Counsel for the BPU advised us at oral argument that the agency has never used this power to revoke the franchise of a utility or to divest and bar its officers solely because of mismanagement. Not only is there no specific statutory authorization for such acts, but there are no BPU guidelines or regulations concerning such actions. Such drastic results should be preceded by regulations setting guidelines for their application.
This case is somewhat analogous to Department of Labor v. Titan Construction Co., 102 N.J. 1, 504 A.2d 7 (1985), which involved the debarment of corporate officers from public contracting work for corporate violations of the New Jersey Prevailing Wage Act. Unlike the Solid Waste Utility Control Act, the Prevailing Wage Act did not specifically indicate that corporate officers were subject to the prohibitions of that legislation and the remedies it provides. Thus, the court noted that “[t]he Act itself provides no standards establishing the grounds for debarring corporate officers.” 102 N.J. at 17, 504 A.2d 7. Moreover, the position of the Department of Labor in Titan, supra, was that a corporate officer could be debarred even though he was “entirely without knowledge of or culpability for the corporate violatipn.” Ibid. The Court concluded that any attempt to impose vicarious liability upon a nonculpable person presented substantial legal and policy issues that should be addressed through rulemaking before punitive action was taken. Ibid. Indeed, the Court held that “[fjundamental principles of due process mandate that standards must be established to define the conduct that will result in individual debarment.” Ibid. Likewise, before a forced sale and permanent divestiture and debarment is enforced, there should be *254guidelines and regulations setting forth the conditions under which such draconian measures are to be undertaken.
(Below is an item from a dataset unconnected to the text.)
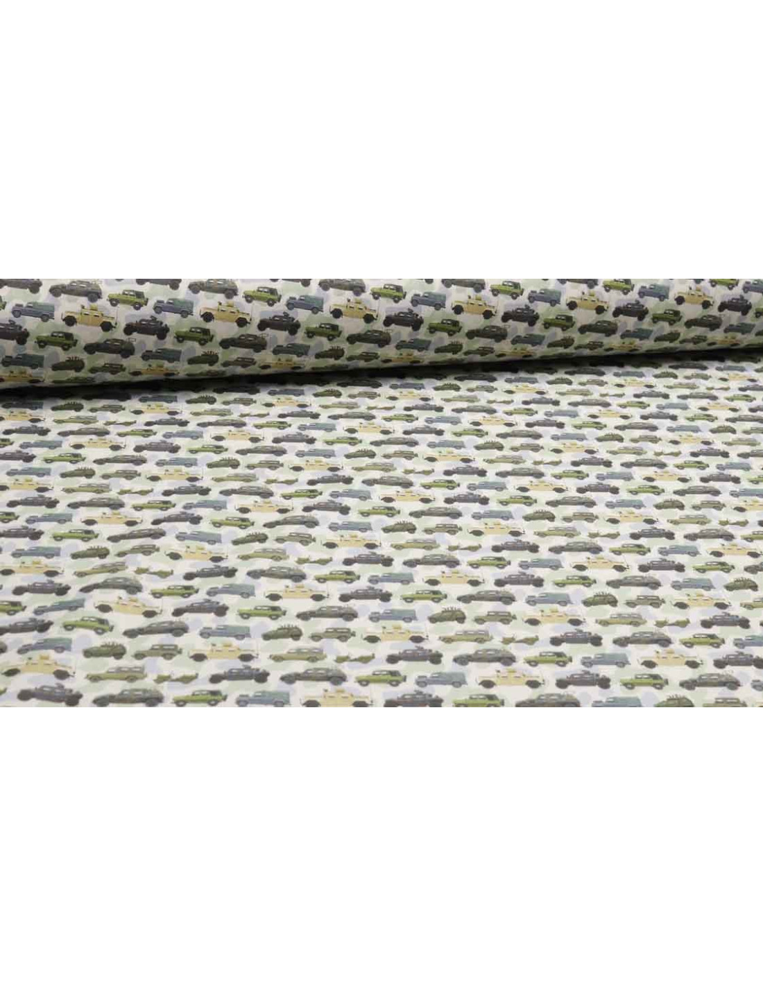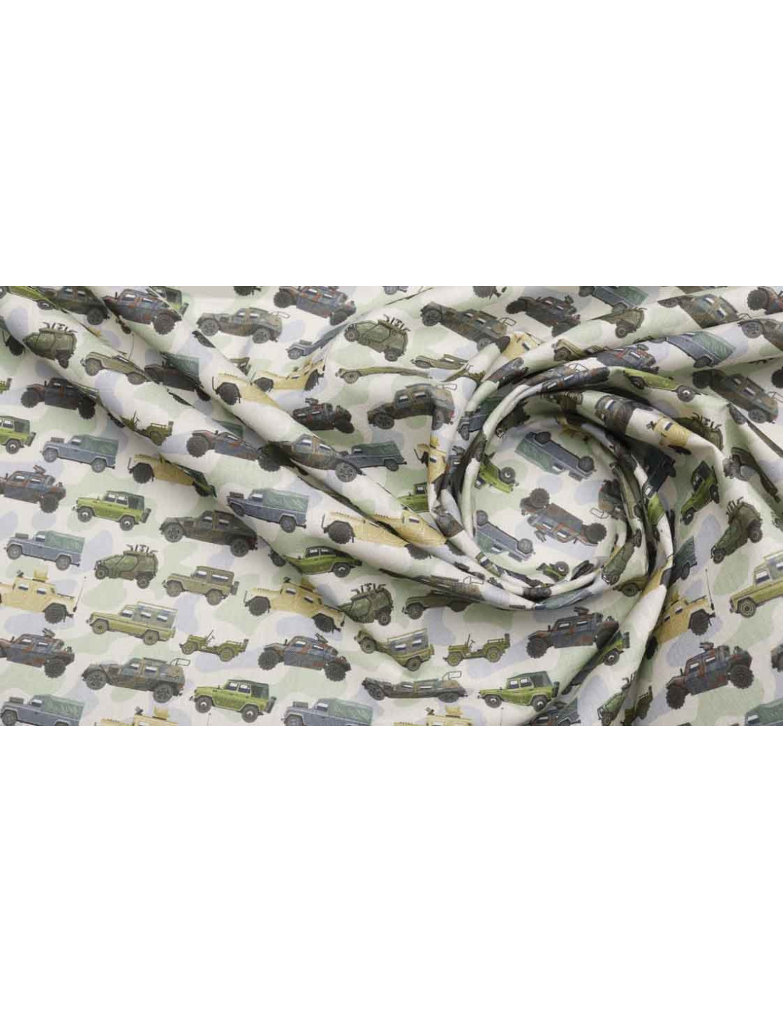 Algodón Coches Ejercito, tejido con cierta finura y suavidad . Tejido con estampados de coches militares, sobre un fondo gris claro y estampado militar claro. Este tejido, es una tela fácil de coser ya que no ofrece resistencia. Es utilizado para todo tipos de confecciones como; (camisas, vestidos, manualidades, patchwork, etc…). POSIBLES PEQUEÑAS TARAS

Moreover, there should be a rational connection between the misconduct and the remedy imposed. The misfeasance found in this case had to do with the management of Valley and not Schindelar’s character or ethical competency to own Valley. Although this purported misfeasance, which the BPU has labeled a failure to provide “safe, adequate and proper service,” might support the removal of Sehindelar from the management of Valley, there is no authority and no justification for removing Sehindelar and now his family as the owners of Valley. The only previous reported cases imposing such harsh sanctions have involved willful misconduct, ie., criminal actions that adversely reflected on the respondent’s ability to own a public utility, and not simply poor management ability.
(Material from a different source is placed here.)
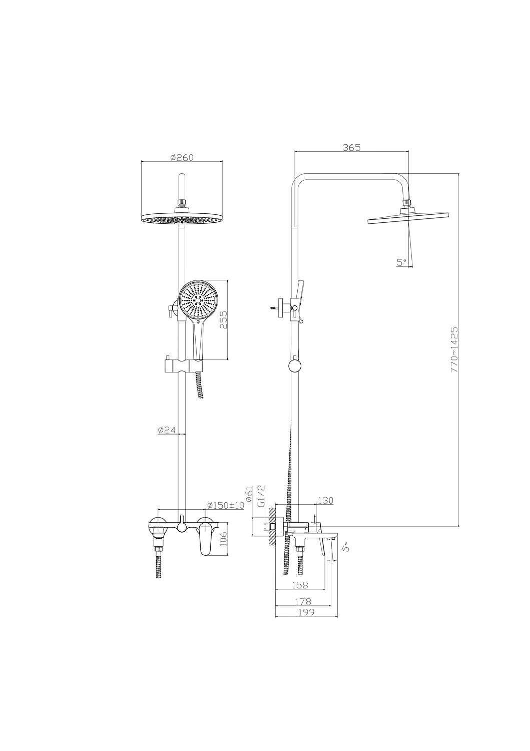 Управление системой осуществляется с помощью однорычажного механизма с керамическим картриджем диаметром 35 мм. Это гарантирует плавную и точную регулировку температуры и напора воды. Верхний душ круглой формы (диаметр 260 мм) создаёт эффект тропического дождя за счёт равномерного распределения потока. Высота штанги регулируется в диапазоне от 770 до 1425 мм, что позволяет настроить положение душа под рост пользователей.

There are less drastic measures available to the BPU than revocation and permanent debarment. Companies exist that specialize in providing the operation and management of sewerage treatment facilities owned by others. Valley has retained such a company, U.S. Water, Inc., to operate its facilities. Because Mr. Sehindelar is dead, there is no reason not to allow the adult members of his family to appoint new management to operate Valley and to give them an opportunity to sell Valley if they wish. The BPU has failed to show that much less drastic remedies would not work.
VII.
Even assuming Mr. Schindelar’s mismanagement, the severe remedies imposed by the BPU exceed the authority granted by its enabling legislation. When the Legislature intends to allow the BPU to revoke a franchise and sell a utility, it does so in unmistakable language. See N.J.S.A 58:11-59. It did not do so here and, therefore, the BPU has no authority to do it.
I would reverse the judgment of the Appellate Division.
*255HANDLER and STEIN, JJ., join in this opinion.
For affirmance — Chief Justice PORITZ, and Justices POLLOCK, O’HERN and COLEMAN — 4.
For reversal — Justices HANDLER, GARIBALDI and STEIN — 8.